Introduction
Tesseract engine optical character recognition (OCR) is a technology used to convert scanned paper documents, PDF files, and images to searchable text data. The OCR engine detects the characters present in the image and puts those characters into words, enabling developers to search and edit the content of the document. Tesseract optical character recognition engine is one of the most accurate OCR engines currently available for .NET. It’s licensed under Apache 2.0 and has been supported by Google since 2006. Tesseract OCR library is available for various different operating systems. In this article, I will demonstrate extracting image text using Tesseract and writing C# code under Windows OS. If you find yourself struggling with C# or want to increase your knowledge, consider visiting the TechRepublic Academy!
.NET Application to Extract Text from an Image
For optical character recognition, we will be using the Tesseract.NET SDK. Tesseract.NET SDK is a class library based on the tesseract-ocr project. It can read a wide variety of image formats and convert them to text in over 60 languages.
To develop the sample application, we will need Visual Studio and a basic knowledge of C# programming.
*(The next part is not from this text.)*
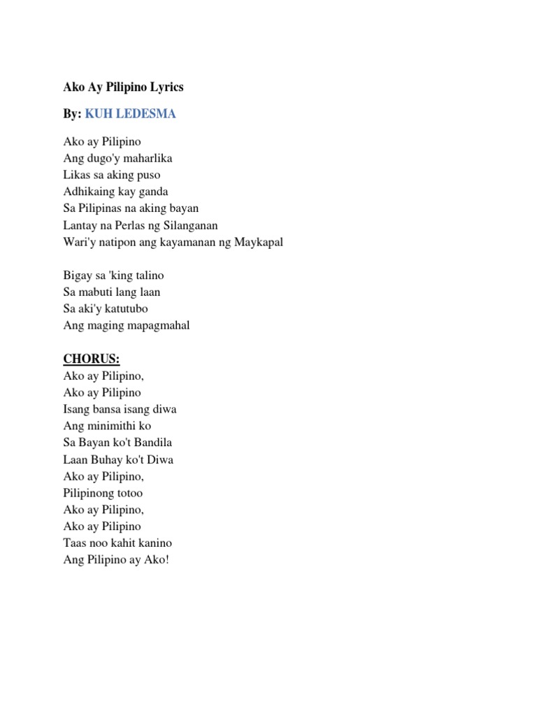 Iniibig ko ang Pilipinas aking lupang sinilangan tahanan ng aking lahi. Lyrics of ako ay pilipino 1. Ako ay Pilipino kaya naman mahal ko ang Pilipinas gayundin ang pambansang wika nito.

I will be using Visual Studio 2015 with .NET Framework 4.5.
From the Visual Studio New Project window, select Visual C#> Windows> Console Application and provide a name to the project—I called it “ProjectTesseract”—and save it. You can see this in Figure 1.
Figure 1: Visual Studio New Console Project
Figure 2 is the screen shot of the console application project.
Figure 2: Visual Studio Sample Project Code
Next, open NuGet Package Manager Console.
To open the NuGet Manager, go to TOOLS> Library Package Manager> Package Manager Console, as indicated in Figure 3. You can open this by right-clicking the project and selecting Manage NuGet package.
Figure 3: Visual Studio NuGet Package Manager
Next, Install Tesseract.Net SDK through the Package Manager Console.
Run the command in Package Manager Console to install Tesseract.NET SDK or Select the NuGet package and install. Refer to Figures 4 and 5.
Figure 4: NuGet Package Manager with Tesseract.NET SDK
Figure 5: NuGet Package Manager with Tesseract.NET SDK
After successful installation, Tesseract SDK will add the following DLLs in your project. Also, a specific folder structure will be created.
- Patagames.Ocr.dll contains OCR API Class
- Patagames.Ocr.xml contains XML documentation of the API
- x86\tesseract.dll is the 32-bit version of the Tesseract library
- x64\tesseract.dll is the 64-bit version of the Tesseract library
The tessdata installed folder contains all files required for the Tesseract engine to work in the .NET Project.
Now, let’s create the console application. First, I have created an instance of OcrApi class to use Tesseract.NET API in the application. Refer to the following code snippet.
using Patagames.Ocr; var api = OcrApi.Create();
Next, refer to the typical C# code demonstrating how to extract plain text from the image. The following code snippet explains how to create an instance of the OcrApi class and initialize it for the English language. Then, I simply get the text from the image.
The GetTextFromImage() method extracts text from .PNG, .BMP, and .JPEG images. Also remember, the result of the OCR also changes with the quality of the image. GetTextFromImage method can recognize text on a given bitmap, for instance System.Drawing.Bitmap.
using System; using System.Collections.Generic; using System.Linq; using System.Text; using System.Threading.Tasks; using System.Drawing; using Patagames.Ocr; using Patagames.Ocr.Enums; namespace ProjectTesseract { public class Program { static void Main(string[] args) { Program obj = new Program(); obj.ConvertImageToText(); } public void ConvertImageToText() { using (var api = OcrApi.Create()) { api.Init(Languages.English); string plainText = api.GetTextFromImage("C:\\Tapas\\ Downloads\\Image.jpg"); Console.WriteLine(plainText); Console.Read(); } } } }
We can also create a searchable PDF from scanned images, not plain text. Refer to the following code snippet that demonstrates PDF creation.
public void TifftoPdfConvertion() { using (var api = OcrApi.Create()) { api.Init(Languages.English); using (var renderer = OcrPdfRenderer. Create("multipagepdffile", @"C:\\Tapas\\Downloads")) { renderer.BeginDocument("Title"); api.ProcessPages(@"C:\Tapas\multidocs.tif", null, 0, renderer); renderer.EndDocument(); } } }
Conclusion
I hope this article has helped you understand the basic concept of extracting text from an image using Tesseract in C#. Please provide your valuable feedback for improvement. That’s all for today; happy reading!